[MRG + 1] FIX Validate and convert X, y and groups to ndarray before splitting#7593
[MRG + 1] FIX Validate and convert X, y and groups to ndarray before splitting#7593jnothman merged 18 commits intoscikit-learn:masterfrom
Conversation
sklearn/model_selection/_split.py
Outdated
| return '%s(%s)' % (class_name, _pprint(params, offset=len(class_name))) | ||
|
|
||
|
|
||
| def _check_X_y_groups(X, y, groups): |
There was a problem hiding this comment.
Should this reside inside utils.validation?
There was a problem hiding this comment.
probably. Is the same applicable for sample_weights? What do we usually do with sample_weights?
We might just write check_X_y and then do a check_consistent_length(X, sample_weights) and check_array(sample_weights).
d45b75c to
ff5f379
Compare
sklearn/model_selection/_split.py
Outdated
| allow_nd=True) | ||
| check_consistent_length(X, y) | ||
| if groups is not None: | ||
| groups = check_array(groups, accept_sparse=['coo', 'csr', 'csc'], |
There was a problem hiding this comment.
groups can be infinite? and sparse? and nd? Is that tested? ;)
sklearn/model_selection/_split.py
Outdated
| dtype=None, force_all_finite=False, ensure_2d=False, | ||
| allow_nd=True) | ||
| if y is not None: | ||
| y = check_array(y, accept_sparse=['coo', 'csr', 'csc'], |
There was a problem hiding this comment.
Same for y. Are these tested? Should they be?
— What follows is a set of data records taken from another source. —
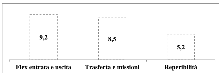
Grafico1: Istituti dell'orario di lavoro(%)
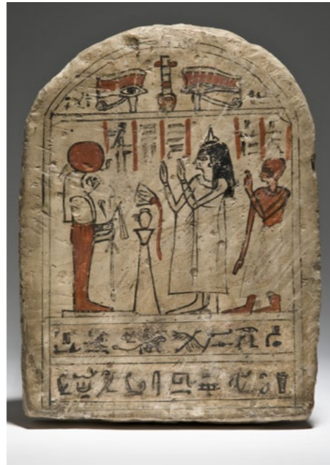
Stela of the woman Tjereri with her son (?), worshipping Re-Harakhte; Graeco-Roman period. Height 31.5 cm. SMÄK ÄS 47.

In concluding, it's important to emphasize what is missed through working remotely and delivering lectures online. In addition to the wonderful environment and facilities in Munich, time spent with people – colleagues, students, visitors, and others – was central to the semester when I was present in LMU. The stereotype of an intellectual life that has its home in cafes may not be the whole truth about Munich, but it is not so far short. Many people, notably those who run the
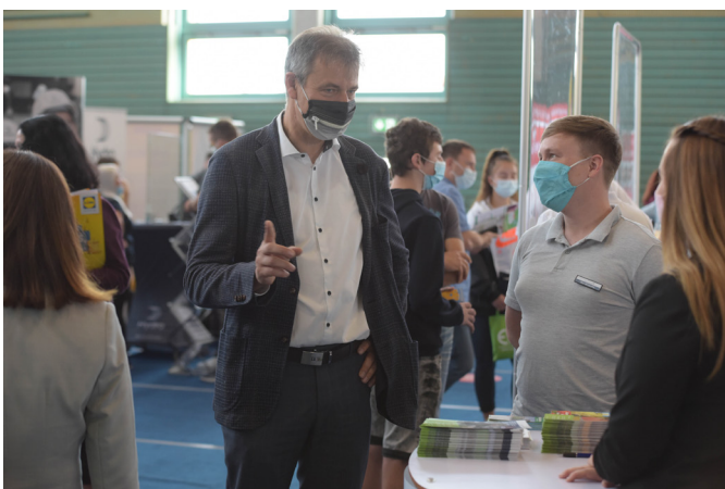
Landrat Kai Emanuel auf der 13. Ausbildungsmesse in Delitzsch.

Ein vermeintlicher Nachteil stellte sich außerdem als Vorteil heraus: Corona-bedingt wurde den Besuchern nur schubweise Eintritt gewährt. Die Aussteller konnten dadurch besser und länger auf die Interessierten eingehen, für die sich das geduldige Warten am Eingang damit umso mehr lohnte.
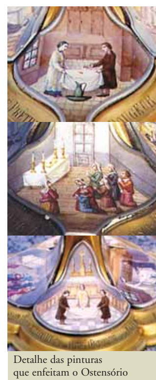
Detalhe das pinturas que enfeitam o Ostensório

I guess we should be as loose as possible with the test as long as the cross-validation classes work.
|
There is a test for And we could do the |
76027d5 to
578442b
Compare
|
|
||
| def test_shufflesplit_list_input(): | ||
| # Check that when y is a list / list of string labels, it works. | ||
| ss = ShuffleSplit(random_state=42) |
There was a problem hiding this comment.
shouldn't that be StratifiedShuffleSplit?
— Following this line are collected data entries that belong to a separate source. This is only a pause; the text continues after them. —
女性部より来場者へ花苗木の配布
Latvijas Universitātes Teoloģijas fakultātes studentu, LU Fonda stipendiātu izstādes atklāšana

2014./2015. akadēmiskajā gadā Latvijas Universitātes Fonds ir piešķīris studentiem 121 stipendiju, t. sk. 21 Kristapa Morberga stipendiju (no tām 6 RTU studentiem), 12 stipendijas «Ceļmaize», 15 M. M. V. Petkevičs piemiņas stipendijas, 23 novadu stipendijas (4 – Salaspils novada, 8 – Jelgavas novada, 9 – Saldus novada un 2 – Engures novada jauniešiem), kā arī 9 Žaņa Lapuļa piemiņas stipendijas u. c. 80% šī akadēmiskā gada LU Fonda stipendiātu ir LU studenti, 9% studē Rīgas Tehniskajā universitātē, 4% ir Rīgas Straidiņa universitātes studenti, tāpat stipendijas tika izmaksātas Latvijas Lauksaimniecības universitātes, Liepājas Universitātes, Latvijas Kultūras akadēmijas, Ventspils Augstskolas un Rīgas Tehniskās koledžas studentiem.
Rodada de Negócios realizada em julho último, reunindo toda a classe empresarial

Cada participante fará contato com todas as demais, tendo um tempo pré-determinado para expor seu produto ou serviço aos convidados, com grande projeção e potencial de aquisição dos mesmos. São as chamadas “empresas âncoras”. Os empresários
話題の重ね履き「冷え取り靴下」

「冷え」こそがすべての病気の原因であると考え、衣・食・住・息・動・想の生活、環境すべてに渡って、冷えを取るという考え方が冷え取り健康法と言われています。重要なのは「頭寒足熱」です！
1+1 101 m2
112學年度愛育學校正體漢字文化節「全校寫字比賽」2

| def _iter_indices(self, X, y, groups): | ||
| if groups is None: | ||
| raise ValueError("The groups parameter should not be None") | ||
| groups = check_array(groups, ensure_2d=False, dtype=None) |
There was a problem hiding this comment.
How about GroupKFold, LeaveOneGroupOut, LeavePGroupsOut?
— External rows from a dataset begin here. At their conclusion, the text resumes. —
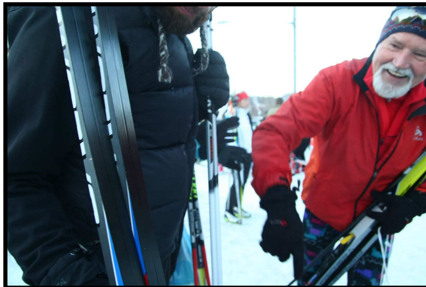
Kontrolle durch 'Wachs-Wächter-Werner'!
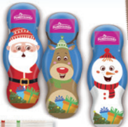
FIGURKI TOFFII 30 G
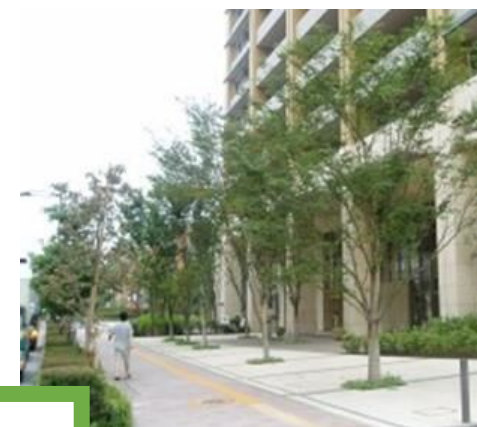
民有地緑化のイメージパース
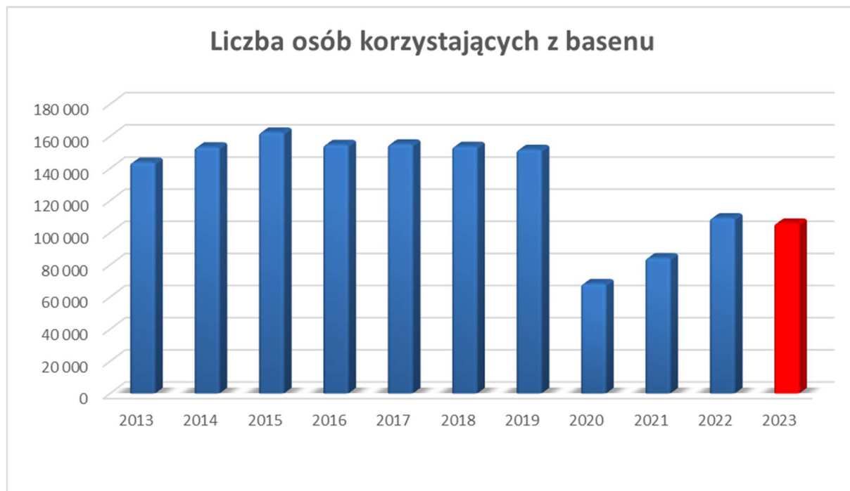
Wykres 2 Liczba osób korzystających z basenu w latach 2013 – 2023
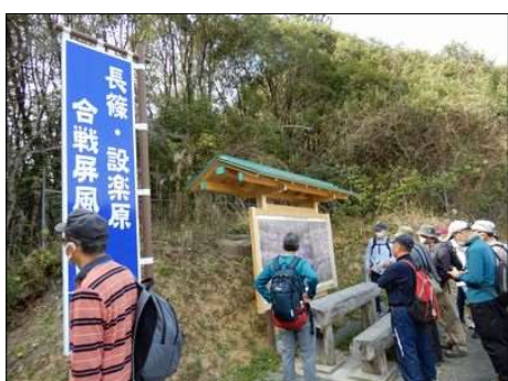
3248 馬防柵は大きな観光資源
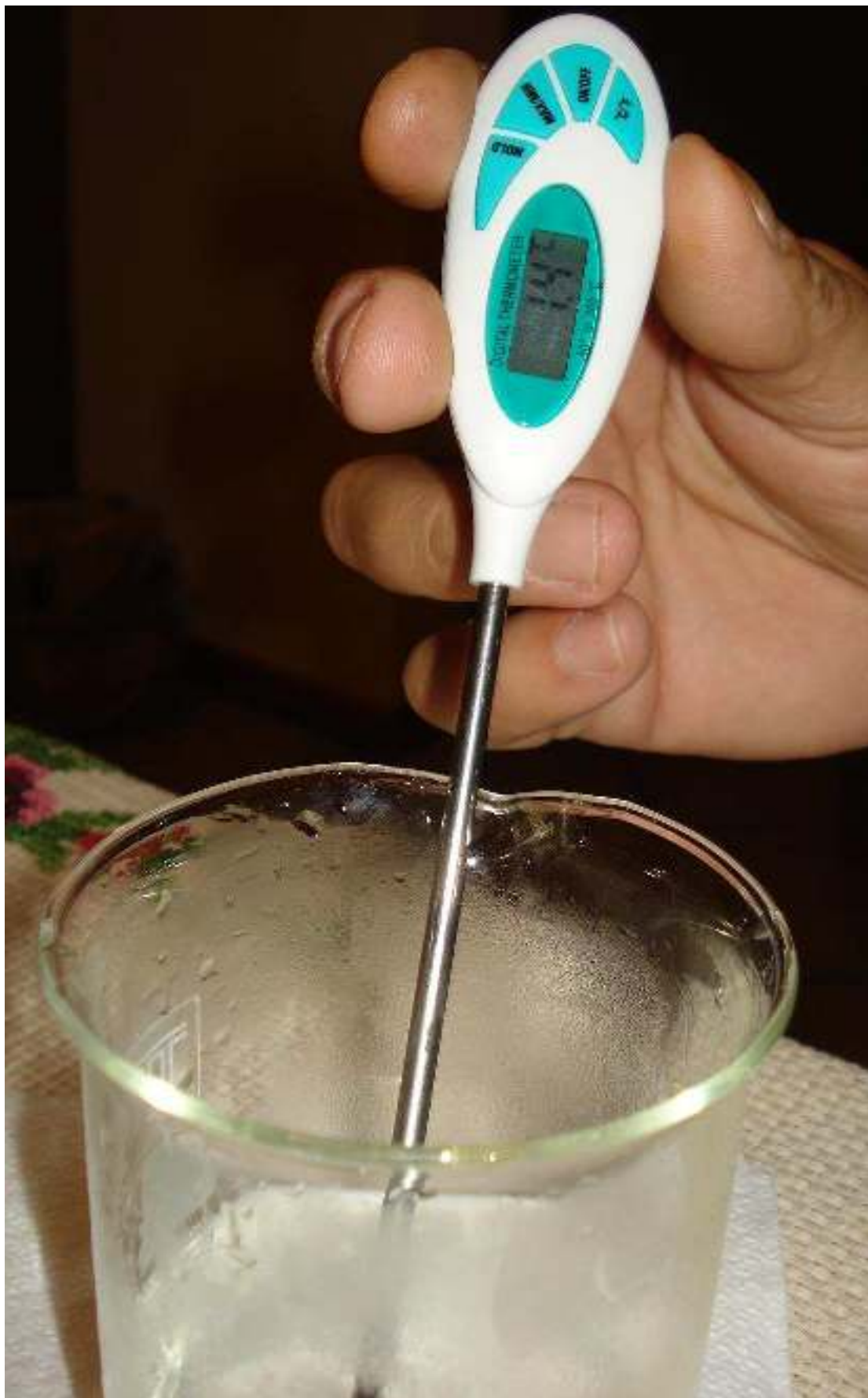
Συγγραφή: Στυλιανακάκης Γιάννης – Δάσκαλος / Συνεργάτης του ΕΚΦΕ Χανίων για την Π.Ε.

There was a problem hiding this comment.
Fixed... Thanks for the catch!!
|
Argh. There seemed to have been no tests for |
f117a07 to
13f1e95
Compare
| if groups is None: | ||
| raise ValueError("The groups parameter should not be None") | ||
| X, y, groups = indexable(X, y, groups) | ||
| groups = check_array(groups, ensure_2d=False, dtype=None) |
There was a problem hiding this comment.
I'd to it the other way around, I think.
There was a problem hiding this comment.
check_array followed by indexable?
amueller
left a comment
There was a problem hiding this comment.
Looks good apart from some nitpicks.
|
|
||
| for j, (cv, p_groups_out) in enumerate(((logo, 1), (lpgo_1, 1), | ||
| (lpgo_2, 2))): | ||
| groups = (np.array([1, 1, 1, 1, 2, 2, 2, 3, 3, 3, 3, 3]), |
There was a problem hiding this comment.
do we want these to be file-level constants?
| logo = LeaveOneGroupOut() | ||
| lpgo_1 = LeavePGroupsOut(n_groups=1) | ||
| lpgo_2 = LeavePGroupsOut(n_groups=2) | ||
| lpgo_3 = LeavePGroupsOut(n_groups=3) |
There was a problem hiding this comment.
for this one you only test the repr, right?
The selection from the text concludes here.